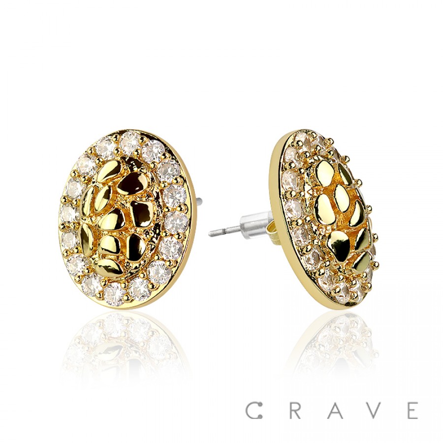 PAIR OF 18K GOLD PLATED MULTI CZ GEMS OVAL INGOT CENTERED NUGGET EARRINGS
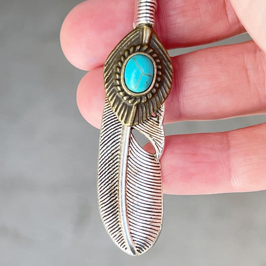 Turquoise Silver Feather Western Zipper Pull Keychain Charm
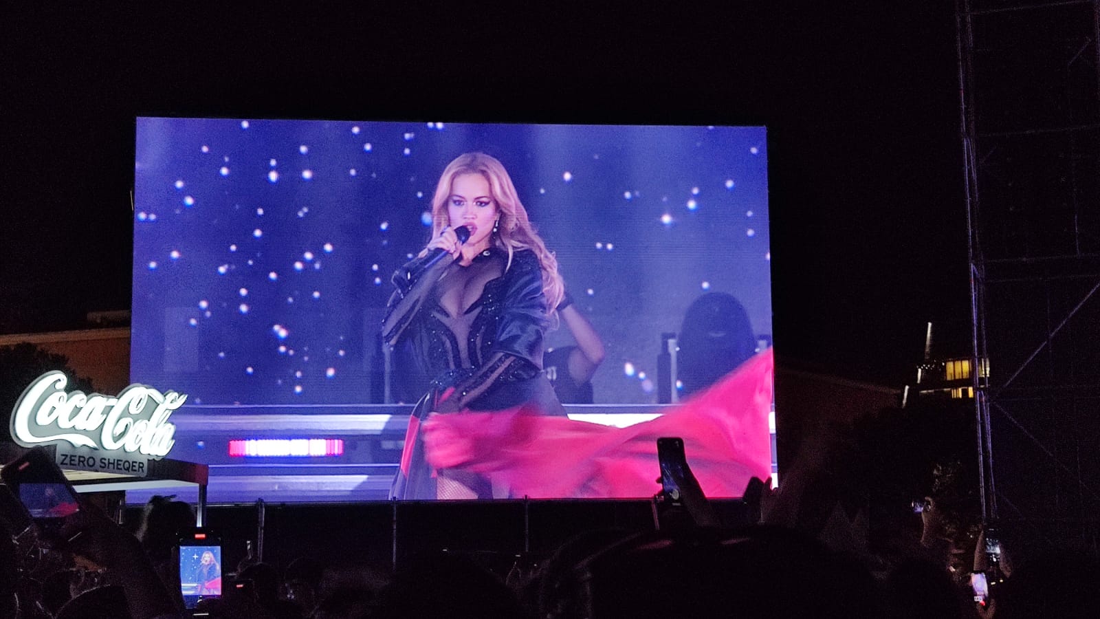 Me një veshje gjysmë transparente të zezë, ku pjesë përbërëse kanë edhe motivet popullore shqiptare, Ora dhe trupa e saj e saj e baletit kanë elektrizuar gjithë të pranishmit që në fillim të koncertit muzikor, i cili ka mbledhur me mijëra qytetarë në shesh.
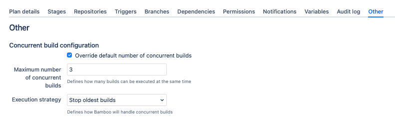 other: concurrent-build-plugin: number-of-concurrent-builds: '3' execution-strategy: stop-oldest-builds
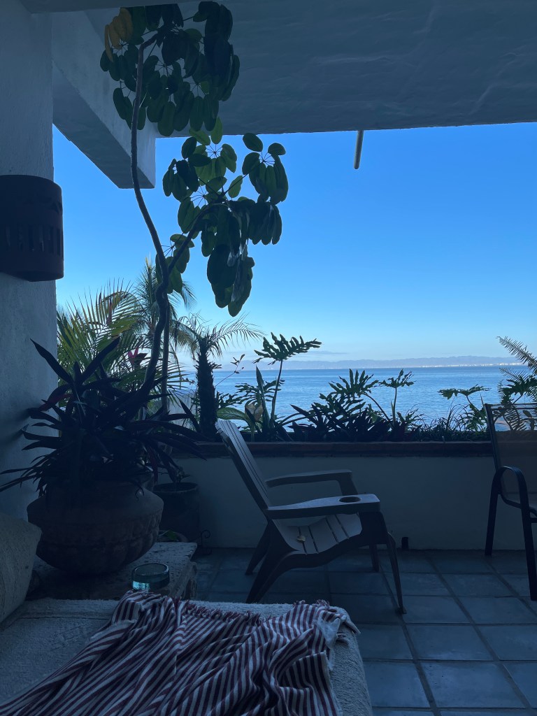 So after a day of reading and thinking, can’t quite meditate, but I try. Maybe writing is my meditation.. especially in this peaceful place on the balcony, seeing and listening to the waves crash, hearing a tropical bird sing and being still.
==
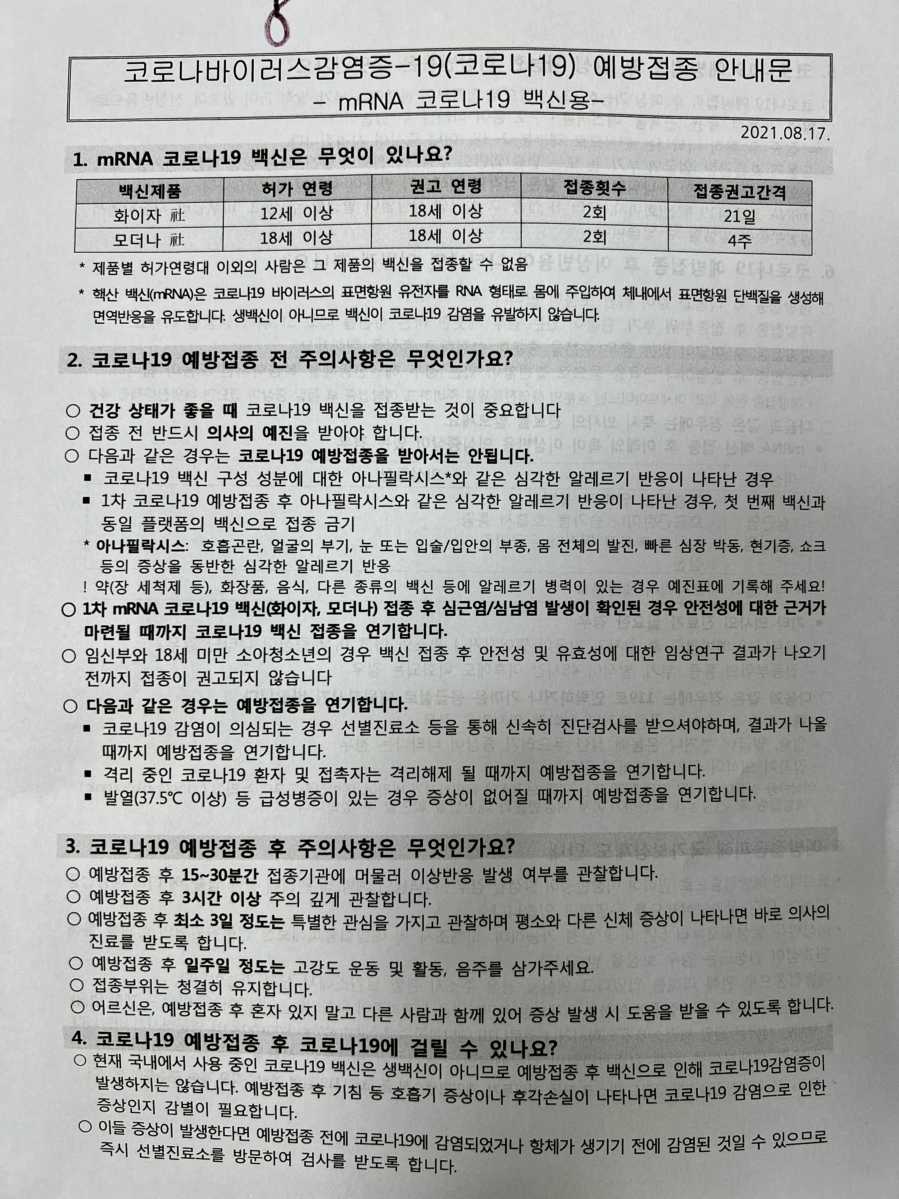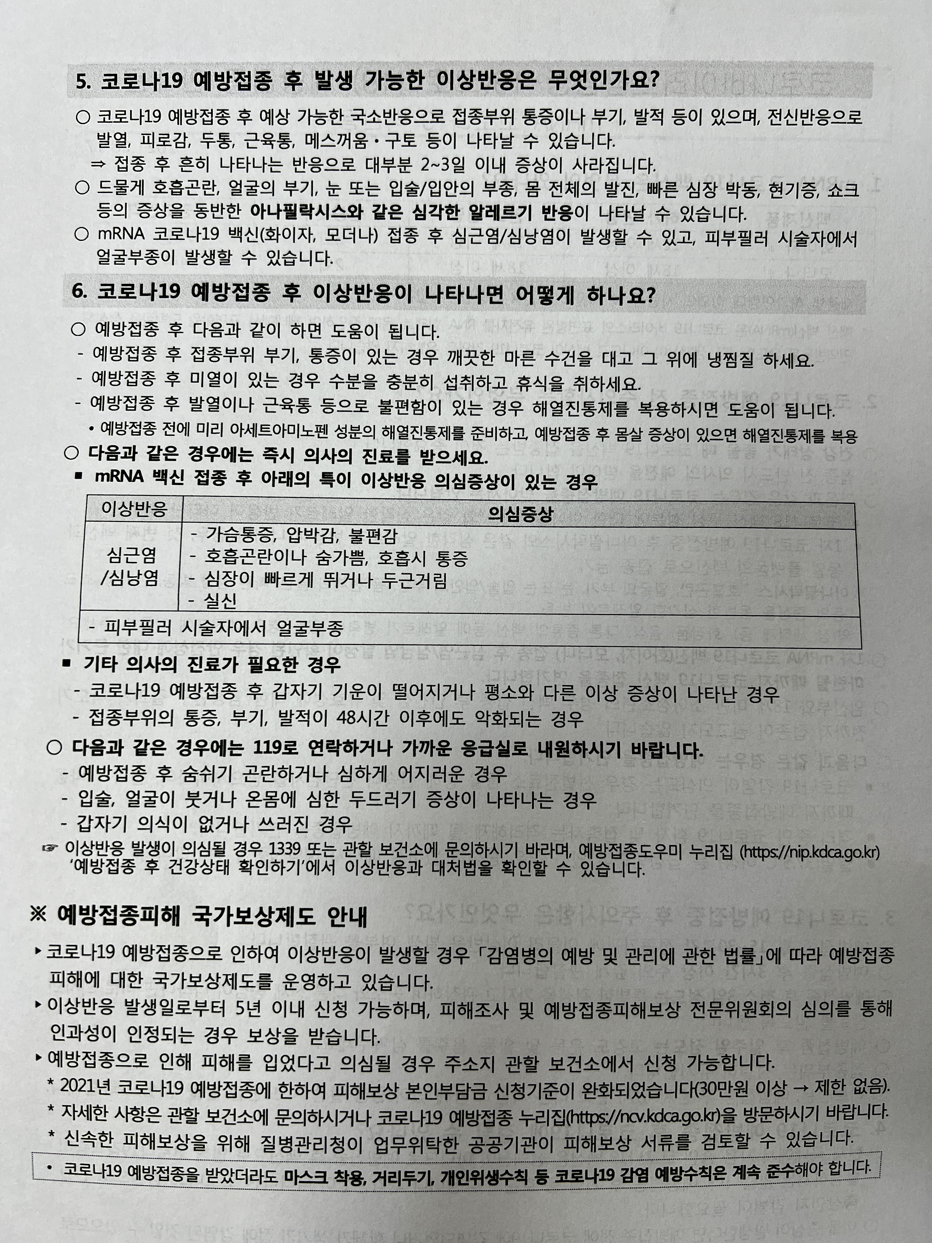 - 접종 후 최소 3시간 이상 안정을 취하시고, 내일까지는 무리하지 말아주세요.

— ASSIGNED TASK —
With pictures omitted, repeat the entries above word for word from the line holding "other: concurrent-build-plugin: number-of-concurrent-builds: '3'" down to the line holding "So after a day", keeping both of those lines.

— TASK RESULT —
 other: concurrent-build-plugin: number-of-concurrent-builds: '3' execution-strategy: stop-oldest-builds
 So after a day of reading and thinking, can’t quite meditate, but I try. Maybe writing is my meditation.. especially in this peaceful place on the balcony, seeing and listening to the waves crash, hearing a tropical bird sing and being still.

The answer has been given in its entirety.